白濱神社参道に沈む2013年の冬至の夕陽(伊豆急・鈴木正人氏撮影)
白濱神社の浜鳥居は、本殿から見て祭神の出身地である三宅島を指す位置に置かれている
寝姿山山頂から見た伊豆急下田駅。伊豆急下田駅は、白濱神社から見て冬至の入り日の方向に位置する。さらに、夏至の夕陽は、下田駅から見ると下田富士の背後に沈む
白濱神社境内の構造図。ここが太古の太陽信仰の聖地であったことを物語っている
白濱神社と伊豆急下田駅の位置関係。伊豆急行線は白濱神社に守護される形に配置されている
今年の冬至は、12月22日。
この日の夕刻、伊豆下田の白濱神社では、本殿から見て参道の真ん中に太陽が沈んでいきます。

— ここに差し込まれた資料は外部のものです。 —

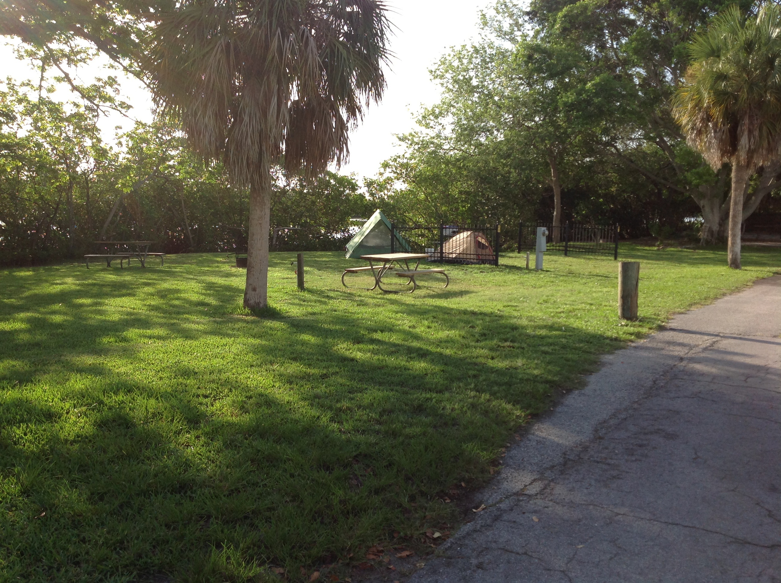 Day 2: Drove for about 15 hours and arrived in St. Petersburg about 10:00pm, so had to set up our tents in the dark. We stayed at the St. Petersburg/Madeira Beach KOA and had a beautiful tent site–right on the water, in a quiet park of the campground. This was a well-run, quiet campground–probably much busier in the winter. In the heat of June, there were not many other campers. Here’s our tent site:

冬至は、太陽の再生を願うと同時に、生命がリセットされる「浄化の日」として、太古から祝われてきました。クリスマスは元々ケルトなどの古い民族の冬至の祭りが変化したものです。また、日本で冬至に柚子湯に入り、唐茄子汁粉を食べるのは、太陽を柚子に見立て、太陽とともに再生することを意味し、オレンジ色の唐茄子(かぼちゃ)は太陽の力を象徴して、それを体に取り込んで一年の無病息災を祈るという意味がありました。

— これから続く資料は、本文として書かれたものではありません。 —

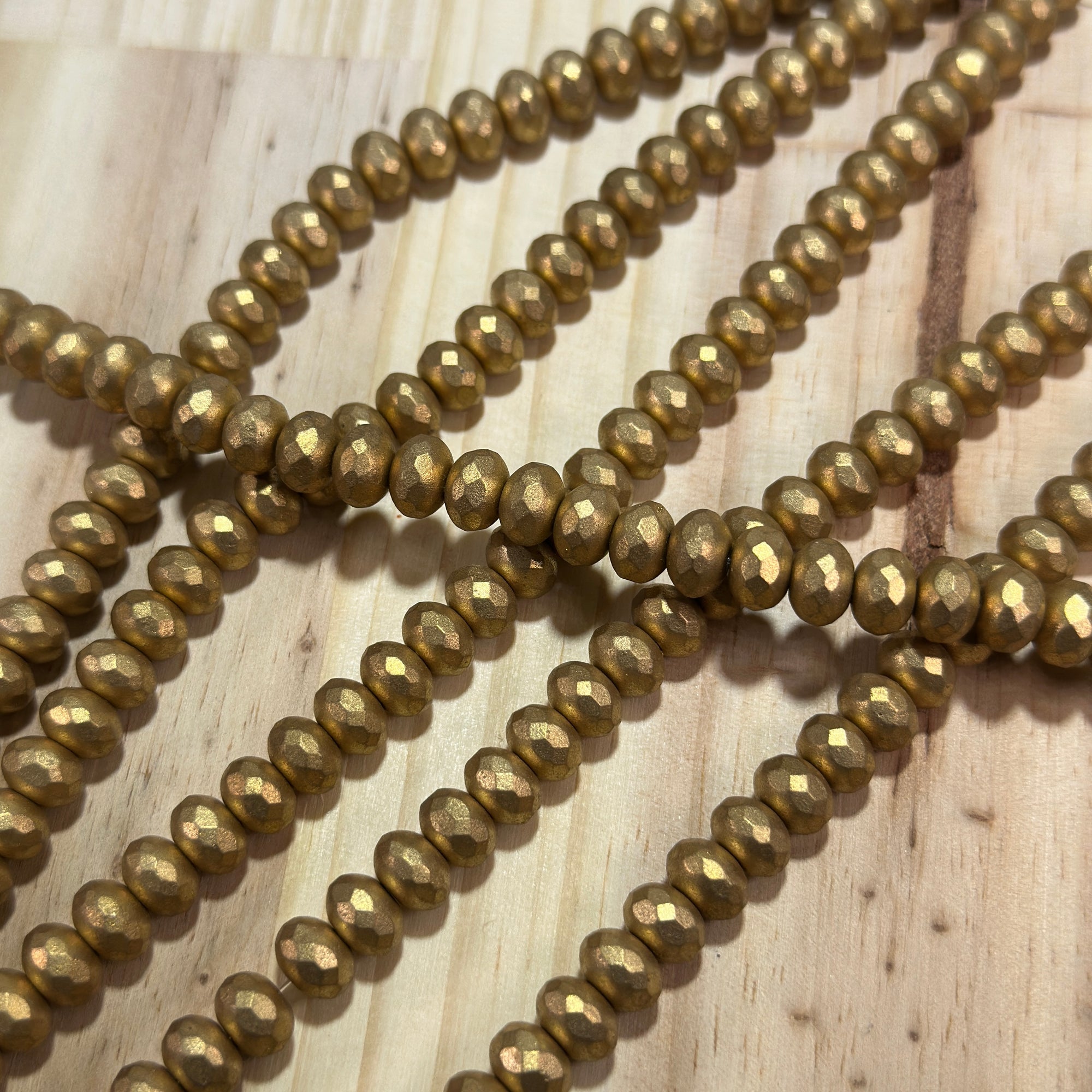 Czech Faceted Glass Doughnut Shaped Fire Polished Rondelle Spacer Beads 6x9mm Matted Gold tire/donut beads 28pcs J817

伊豆では、縄文時代から太陽信仰が盛んで、白濱神社も縄文時代の祭祀が行われた聖地がそのまま受け継がれてきたものでした。白濱神社の冬至太陽祭祀は、1万年近くも遡る古い信仰を伝えているのです。
白濱神社から見た冬至の夕陽の沈む方向には、伊豆急下田駅があります。下田駅は太古からの太陽信仰に縁の場所に置かれ、伊豆の守護神である白濱神社を伊豆急行の守り神としているのです。
12月22日は、白濱神社での夕陽参拝をクライマックスとして、役行者縁の石室神社や下田市内の聖地を巡って、冬至の雰囲気を存分に味わいます。
2015年を爽やかに迎えるために、ぜひ、マジカルな浄化の一日を伊豆で過ごしましょう!!
ツアーは一日ですが、連休ですので、前日は伊豆の他の聖地巡りをして、仕上げに下田もお勧めです。
http://www.izukyu.co.jp/kanko/leyline_3rd/index.html さらに、20日には、朝日カルチャーセンター湘南教室で、「伊豆の太陽信仰」の講座を開催します。ご興味のある方は、ぜひ、ツアーとダブルで!!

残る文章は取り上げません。